Monday, June 11, 2018

As of Late

I started this post in March which is such a lovely time of year. As spring approaches, the sun stays up past dinner time and a few bright, lovely days bring the promise of summer with them. Beautiful sunrises cover the morning sky as I commute to work and I'm reminded of how much there is to love about our home. It's now June and after an unusually warm May summer is in full swing. The pool is open, the boys wear shorts full time and we're outside every day.

March and April were tough as Hazel made the transition to a nap schedule and we learned to navigate around it. I was hesitant to plan things with friends because it was impossible to anticipate when she would be up. Typically the boys and I don't do well without a fun activity any given day. When we spend too much time within these walls, they start to fight, I get easily irritated and I let them watch way more TV than I would prefer. I need a lot of social interaction to thrive and often lack the inertia to get out of the house if I don't have plans forcing me to be somewhere. Thankfully the sunny days and predictable schedule made May much more pleasant and June is shaping up to be quite nice.

With Owen well into his 5th year, he is SO ready for Kindergarten. He needs a lot of stimulation, both physically and emotionally, and I don't feel like I have the energy or know how to provide it. He can he difficult to be around and he's at the stage where he likes to take everything just a little too far. What starts out as a fun game often ends with Wes crying and/or me frustrated. For example, Steve bought Owen and Wes a little Easter toy that had stickers, candy and a stuffed animal in it. Owen took his stickers to school and passed one out to each kid in the class. When I picked him up the teacher told me what a sweet kid he is and commended my parenting. Later that day, Owen realized that Wes still had his full stock of stickers. He demanded that Wes share with him and when Wes refused he punched him in the face and proceeded to steal them.

Weston doesn't understand past, present and future tense and I love how he always tells me stories about "tomorrow." He is super in tune to Hazel and they play together so well. She loves crawling all over him and patting his head. He is a loud and boisterous kid who is always making noise- talking, singing, dancing, screaming. He craves attention and makes us all laugh, Owen thinks he's hilarious. Wes saves his best material for dinner time where they both laugh and forego any semblance of the manners I try so hard to teach them.

We had Hazel baptized at Peninsula Lutheran, as per the Rallo family tradition. We went to service there to meet with Pastor Chuck and talk about the details a few weeks before. I haven't been to Lutheran Church much in recent years and I was surprised by how much I enjoyed being there with the kids. Worshiping in a church like the one I grew up in felt warm and peaceful. We all went up for communion and Pastor Chuck misunderstood that we said it was okay for Wes to have the bread, so he got passed over, but Owen got his. They both had the grape juice. When it was time to head back to our seats, Wes didn't want to go. He stayed kneeling, hands folded, waiting for his little piece of the body of Christ. After a minor meltdown in front of the entire congregation, Ty was able to talk him off the ledge and he made his way back to the pew. Later that day Owen and I were in the car together and he told me "I feel so bad that Wes didn't get a rice crispy treat at church."

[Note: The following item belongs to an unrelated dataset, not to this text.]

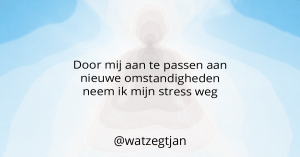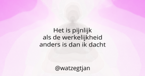 Zoals je eerder hebt kunnen lezen klopt sinds mijn hersenletsel mijn zelfbeeld en daarmee het verhaal dat ik over mijzelf heb niet meer. Mijn verstoorde zelfbeeld veroorzaakt pijn. Het begint ermee dat ik dus moet aanvaarden dat ik een beeld van de werkelijkheid had, dat niet meer juist is. Ik moet dat beeld aanpassen, zodat ik de werkelijkheid kan nemen zoals die is. Mijn pijn en sores verdwijnen als ik maar niet krampachtig vast blijf houden aan oude beelden die niet meer kloppen. Het aloude “wat is, is”, klopt dus echt. Alleen doordat ik toch graag vast wil blijven houden aan mijn oude beeld creëer ik stress bij mijzelf. Die stress is snel weggenomen als ik mijn (zelf)beeld gewoon aanpas.

We got the boys a bunk bed so they are officially #roommates. We were hesitant to put them together because Wes has always been SO good at going to bed at night. We were terrified that Wes would pick up Owen's bad habits. Turns out bunking up was the golden ticket for Owen to finally get to sleep by himself and Wes is so exhausted at night that he curls up and closes his eyes regardless of what Owen is doing.

One of the main reasons I wanted multiple children was so that they'd always have each other. I knew that the more kids we had the harder it would be the parent them, but I also thought that eventually it would pay off. That at some point they would be able to play together rather than demanding my attention all the time. I love knowing that his little brothers presence on the bunk below him is enough to calm Owen's bedtime fears. I pray that when the two of them are together they always feel that same sense of peace, security and connection.

This parenting gig is a real mixed bag. The weeks are full of highs and lows and ever shifting needs. It feels like as soon as we have one routine down, it changes. As a mama I am continually evolving and we're all learning as we go. It is hard, holy work. It's an honor and a privilege. These three sweet faces are everything that is right in the world.